The drought that struck the United States in 2012 affected about 80 percent of agricultural land, making it the most extensive such weather event since the 1950s, according to the Agriculture Department (USDA). Consumers will feel the impact of last year's smaller harvests in the form of higher grocery prices this year. Yet the increases will be relatively modest - a half-percentage-point increase in food price inflation, according to USDA economic projections.

This is a tribute to the American farm sector's productivity. As such, it is also a reminder of how far-fetched the rationale for federal agricultural subsidies - the threat of food shortages - really is. The most recent invocation of this phantom came amid the drought, when congressional boosters of the subsidy-marbled 2012 farm bill tried, without success, to exploit the dry spell.

In fact, farmers were well-protected against the drought - at significant cost to taxpayers. The vast majority of U.S. farmland is covered by crop insurance, which is heavily subsidized by the government. Washington pays 62 percent of farmers' premiums - at a cost of $7 billion for the 2012 crop year. It reimburses administrative costs for the 15 insurance companies that sell the policies, to the tune of $1.4 billion in 2012, and also protects the companies against financial loss.

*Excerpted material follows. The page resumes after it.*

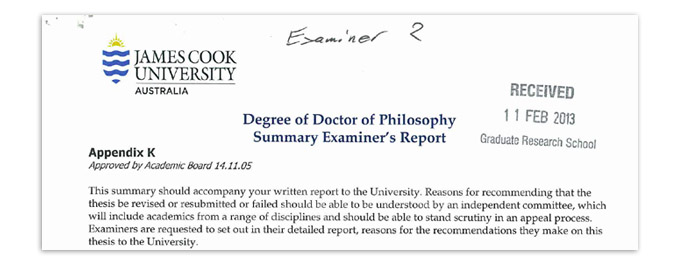 Monday 11, 2013: The email and report arrived – One examiner gave the thesis the ‘all clear’. The other examiner required review of some aspects of the thesis. So, the final hurdle is some corrections and then some more university bureaucratic documentation and I’m done!!! Dr Stephen Naylor my supervisor is excited as well…

To be specific, the USDA announced Tuesday that the federal crop insurance program has paid $11.4 billion to cover 2012 farm losses so far. U.S. farmers could end up claiming $3.85 for every dollar in premiums, according to Kansas State University economist Art Barnaby. This, in a year when low interest rates have boosted the value of farmland and farmers overall earned $114 billion in net income, the second-highest total in the past three decades.

The government's total cost for crop insurance could hit nearly $16 billion for 2012, an all-time record. Over the past decade, the program has cost $59.5 billion. Arguably, the existence of such lavish taxpayer protection magnified the losses from last year's drought and other previous weather events, by inducing farmers to plant marginal acreage in the first place and reducing their incentive to set aside previous years' earnings as a hedge. In addition to promoting excessive risk-taking, it favors big corporate farms over small family farms. The more crops you grow, the more premium support you get (up to a maximum subsidy rate of 80 percent).

In short, federally backed crop insurance has long since evolved into yet another form of corporate welfare, whose direct costs and perverse unintended consequences outweigh its purported public benefits. The 2012 farm bill would have compounded the error by expanding crop insurance to cover almost all farmers' losses from price fluctuations as well as natural disasters. The bill's failure affords lawmakers an opportunity to reform this increasingly wasteful program, and they should take it.